This project leverages a Long Short-Term Memory (LSTM) network enhanced with an attention mechanism to analyze biological sequences for disease prediction. It is implemented using PyTorch, and includes data visualization through a Dash web application.
- Python 3.6+
- PyTorch
- NumPy
- BioPython
- scikit-learn
- Dash and Plotly for visualization
- Dash Bootstrap Components
You can install the necessary libraries using pip:
pip install torch numpy biopython scikit-learn dash dash-bootstrap-components plotly
- AttentionLayer: A custom neural network layer that applies a softmax function to LSTM outputs to focus on important features.
- LSTMWithAttention: The main model that uses an LSTM layer and the custom AttentionLayer to predict disease risk from sequence data.
- load_sequences_and_labels: Loads sequences from a FASTA file and extracts labels and metadata.
- encode_sequences: Converts nucleotide sequences into numerical format for model input.
- train_model: Handles the training process, including validation loss calculation and optimizer adjustments.
- setup_dash_app: Sets up a Dash application to visualize sequence data and display predictions using an interactive slider and Plotly graphs.
- Load and encode sequence data from a FASTA file.
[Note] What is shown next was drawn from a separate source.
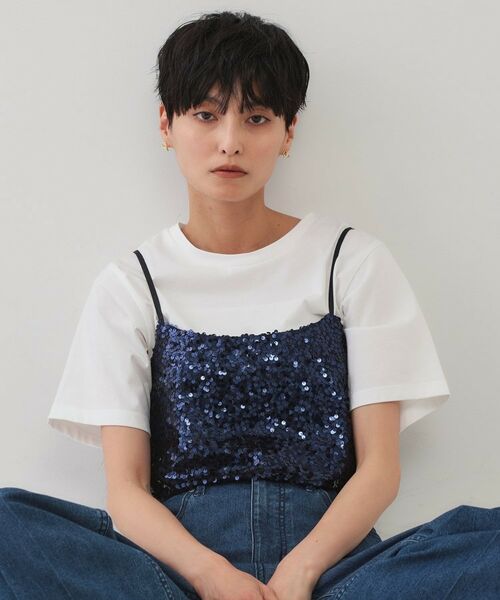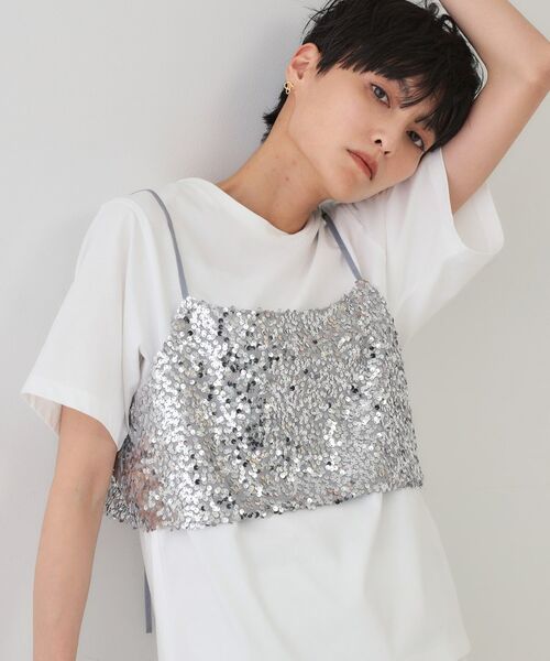 ・ベーシックなTシャツとセットになった、スパンコールキャミブラウス。
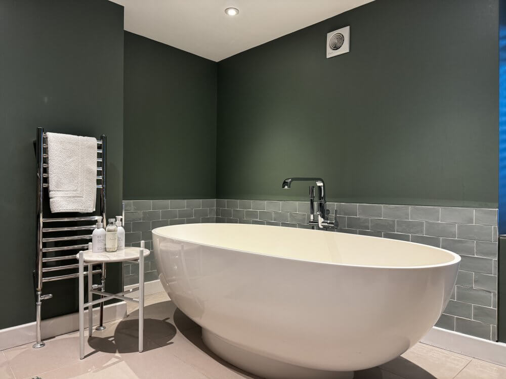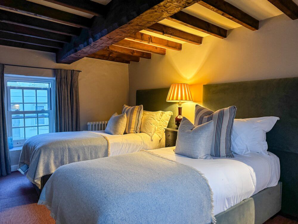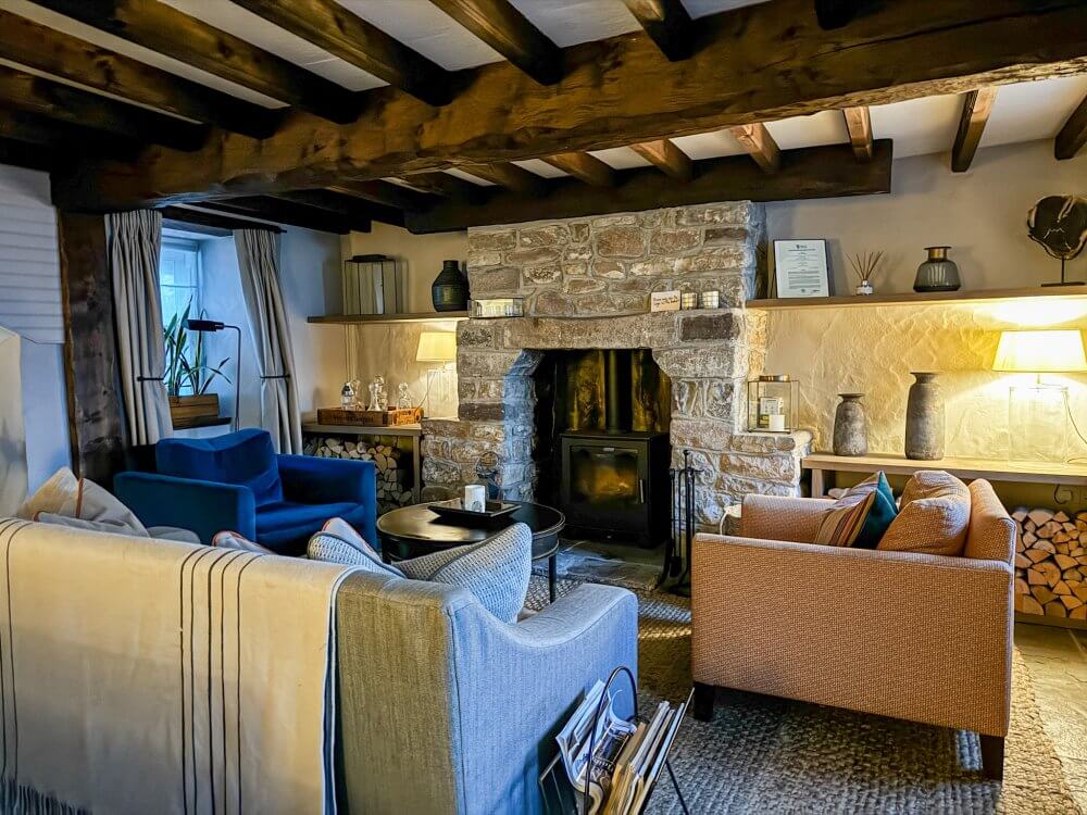 The Blonde Hedgehog is an 18th Century Cottage and beautifully and tastefully styled. There is a living area with a stunning fireplace and kitchen on the ground floor. Head up the stairs to two double bedrooms and a gorgeous bathroom with a freestanding bath. The top floor has a double bedroom, ensuite and rooftop terrace. The beds were so comfortable and we all had the best sleep during our stay here, so much space after living in a campervan!

- Initialize the LSTM with Attention model and configure its parameters.
- Train the model using the encoded data.
- Launch the Dash application to visualize and interact with the sequence data and predictions.
To run the application, ensure you have the example.fasta
file in your working directory, then execute:
if __name__ == "__main__":
main()
This will start a server for the Dash application, allowing you to interact with the sequence data and view predictions in real-time.
Logging and error handling are essential for monitoring the application's health and performance. Ensure you have proper logging configurations to capture and diagnose issues.